The evil Step-Parent. Certainly a stigma, and a strong one especially because we all automatically think of of wicked Step Parents and Evil Step Children as portrayed in the media. But stereotypes aside, stepparent-stepchild relationship is extremely critical for the happiness and security of any family. As the older and wiser, you should understand that the step-child’s hope of their Mom and Dad reuniting in a themed setting like in the movies is forever gone. So you should expect a grieving process. Sometimes it takes a few months to accept, sometimes never but whatever the case may be, you need to be prepared.

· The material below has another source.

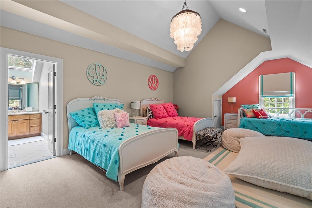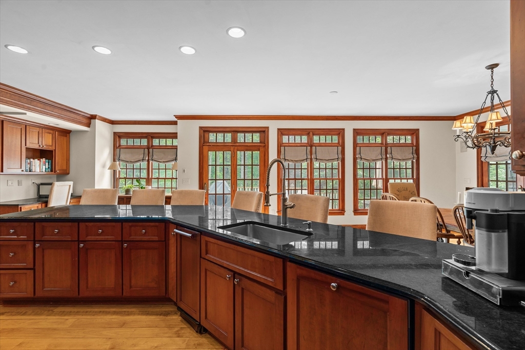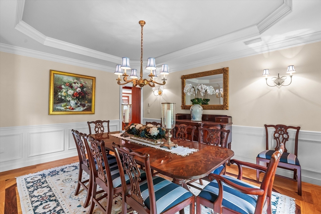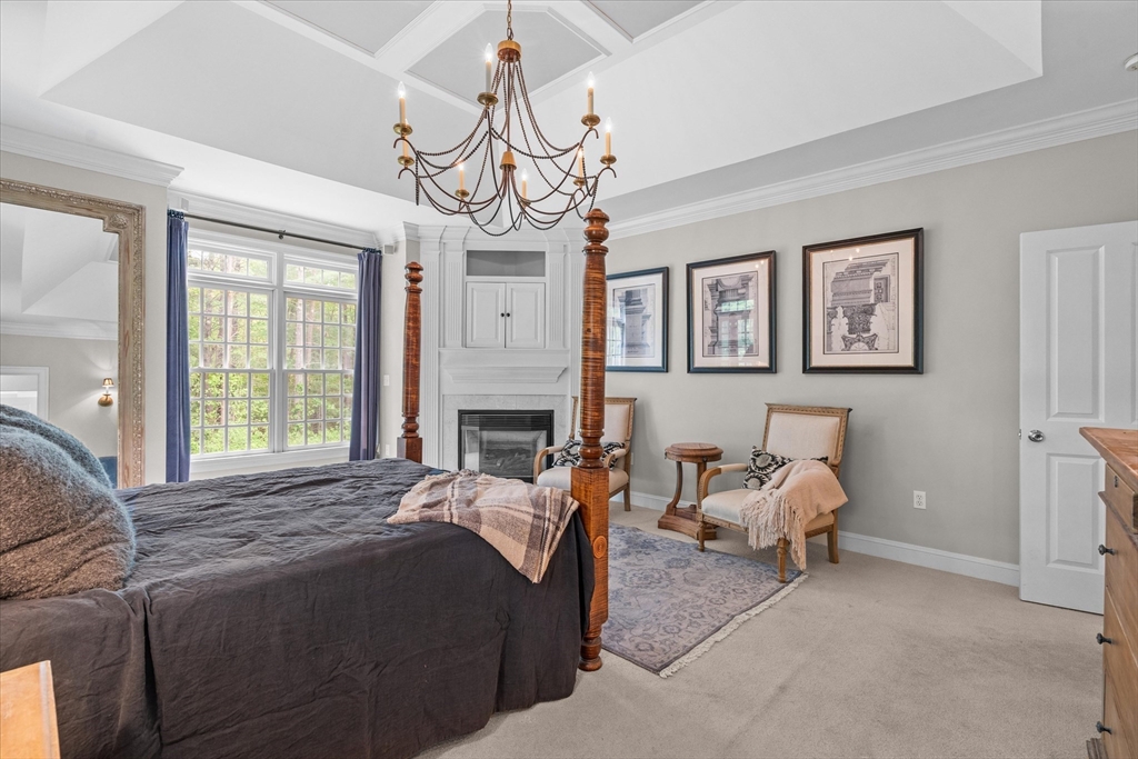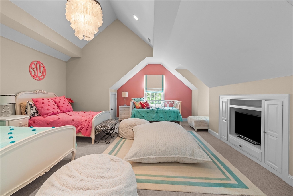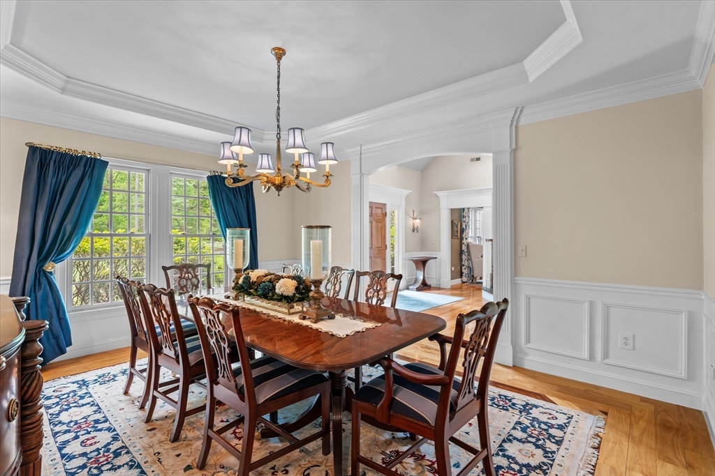 Tucked away on one of the town’s most admired streets, this expansive estate showcases timeless design, thoughtful updates, and a possible opportunity to build a second home on-site. With over 6 private and scenic acres, the conceptual drawings attached to this listing demonstrate the development potential here, with buyers responsible for conducting their own due diligence. The main home welcomes you with a grand two-story entryway, custom millwork, and rich architectural detail throughout. A sun-splashed eat-in kitchen, with two dishwashers, premium appliances, and an oversized breakfast nook, flows seamlessly to a back deck and family room with soaring 20-foot ceilings, cherry built-ins, and one of the home's three beautiful fireplaces. A formal dining room, home office, and first-floor primary suite round out the main level, offering functional and ease of living. There are four additional bedrooms and three full bathrooms. Finished lower level adds plenty of add'l valuable space.

Trust is a key component in building of any relationship and it can take time to build as a child observes how you handle different situations. Do you listen actively? Do you really care about what is important with your step-child? Are you trying to become a part of their life out of want or necessity? They can sense dishonesty and insincerity. If you “Demonstrate honesty, confidence, making good choices and being ‘real’…they will know, one way or the other.” If you’re able earn their trust, over time, you may become an important confidante.
Never treat your Step-Child different than your own
Develop trust and honesty in your relationship with them
NEVER make them feel unwanted or unloved
To build some bridges, find some interests that you and your stepchildren share, and invite them to join you in these activities. Or better yet, create some new interest together. What is SO important in this process is to let go of the Fantasy. When there is a huge distance in expectations and reality, brace for the unhappiness. Don’t come into a family as a Step-Parent thinking that their is a time limit on grieving and a buzzer will sound when it is time that the family will immediately gel, the relationships will be tight, everyone will feel the love and the family will be a happy one because it really doesn’t work like that. Letting go of the fantasy will help you with the acceptance of what is really the reality and that’s needed to get to wherever you’re going, as a family.
Look, nobody goes into marriage anticipating divorce and children don’t look forward to the day their parents live in separate houses but it happens. Parenting is already tough and Step-Parenting…well that a whole new beast in addition. So if i had one word of advice for any Step-parent, it would be this: If you do have your own children, try not to show blatant favoritism to them. It is normal to feel more for your won children but your Step Child should never have to see this blatantly played out in front of them. That is just a horrible thing to do. Just keep in mind that although tips can be provided by peers, no one solution fits all.